> Material provided:
- Opening Delimiter -
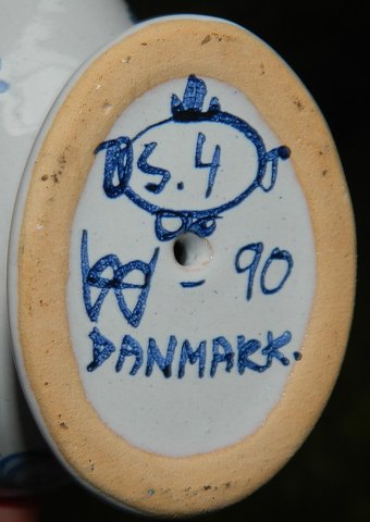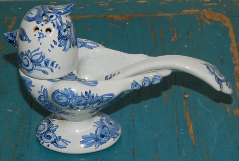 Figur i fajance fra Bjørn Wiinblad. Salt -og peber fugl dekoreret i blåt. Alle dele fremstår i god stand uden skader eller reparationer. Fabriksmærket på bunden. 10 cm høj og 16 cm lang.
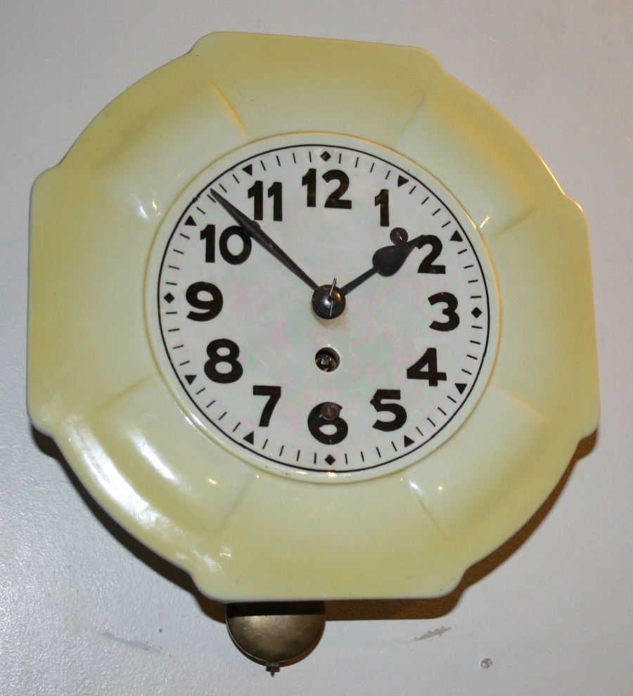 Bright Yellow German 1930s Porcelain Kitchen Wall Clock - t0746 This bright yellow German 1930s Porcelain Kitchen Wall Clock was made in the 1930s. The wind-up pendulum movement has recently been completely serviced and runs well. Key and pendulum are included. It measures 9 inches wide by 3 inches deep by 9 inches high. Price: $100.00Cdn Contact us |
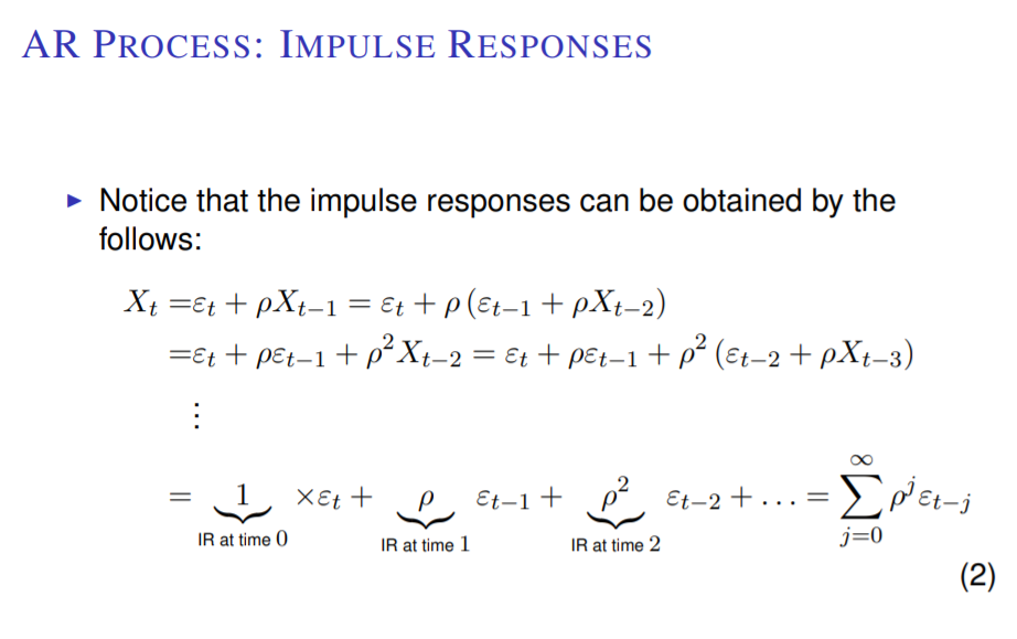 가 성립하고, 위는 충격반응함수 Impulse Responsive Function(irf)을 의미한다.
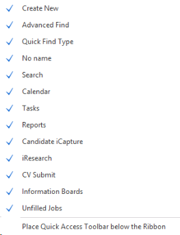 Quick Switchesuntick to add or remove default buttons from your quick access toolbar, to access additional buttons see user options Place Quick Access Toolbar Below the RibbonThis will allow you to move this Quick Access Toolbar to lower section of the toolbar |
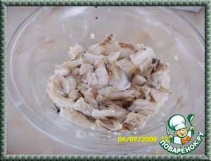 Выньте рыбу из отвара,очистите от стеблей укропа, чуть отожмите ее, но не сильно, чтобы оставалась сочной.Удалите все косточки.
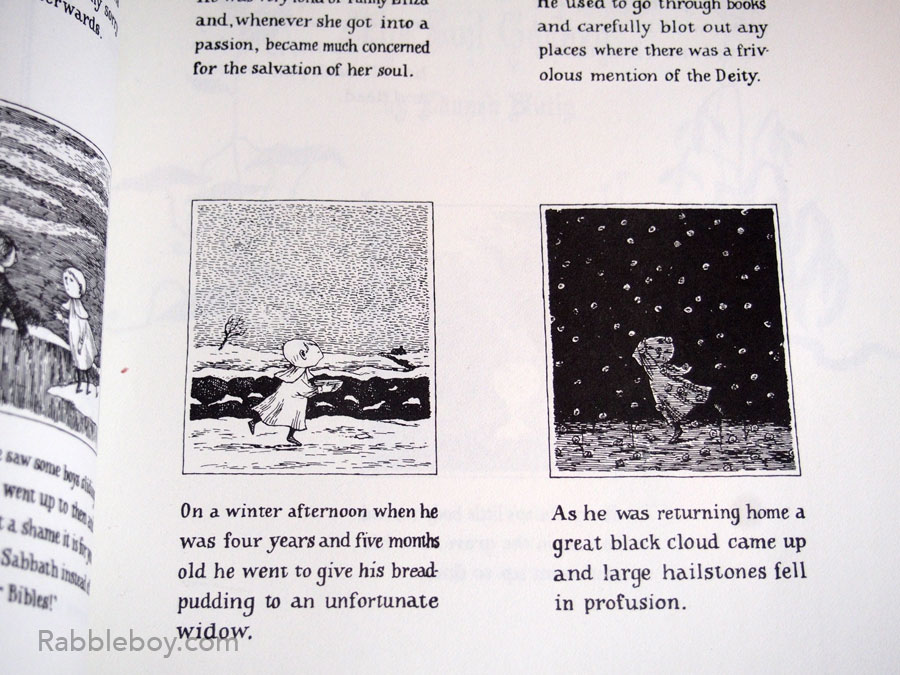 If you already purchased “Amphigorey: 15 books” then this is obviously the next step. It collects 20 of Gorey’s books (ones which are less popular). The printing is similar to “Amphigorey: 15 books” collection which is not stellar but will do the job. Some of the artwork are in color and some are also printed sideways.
- Closing Delimiter -
- Opening Delimiter -
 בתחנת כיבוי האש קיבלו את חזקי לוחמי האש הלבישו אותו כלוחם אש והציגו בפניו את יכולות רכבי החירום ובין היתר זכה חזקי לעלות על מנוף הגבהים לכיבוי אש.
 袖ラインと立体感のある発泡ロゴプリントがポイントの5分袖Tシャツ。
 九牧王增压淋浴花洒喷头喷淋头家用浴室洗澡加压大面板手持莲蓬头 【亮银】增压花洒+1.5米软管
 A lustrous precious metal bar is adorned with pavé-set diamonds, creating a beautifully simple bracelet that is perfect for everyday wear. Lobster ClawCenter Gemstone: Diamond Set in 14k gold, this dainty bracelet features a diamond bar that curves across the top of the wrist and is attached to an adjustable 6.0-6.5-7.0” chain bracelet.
- Closing Delimiter -
> Exercise objective: Above is the material; set down exactly its lines from the one containing "Quick Switchesuntick to" down to the one containing "If you already", both included, leaving out any pictures.

> Written solution:
 Quick Switchesuntick to add or remove default buttons from your quick access toolbar, to access additional buttons see user options Place Quick Access Toolbar Below the RibbonThis will allow you to move this Quick Access Toolbar to lower section of the toolbar |
 Выньте рыбу из отвара,очистите от стеблей укропа, чуть отожмите ее, но не сильно, чтобы оставалась сочной.Удалите все косточки.
 If you already purchased “Amphigorey: 15 books” then this is obviously the next step. It collects 20 of Gorey’s books (ones which are less popular). The printing is similar to “Amphigorey: 15 books” collection which is not stellar but will do the job. Some of the artwork are in color and some are also printed sideways.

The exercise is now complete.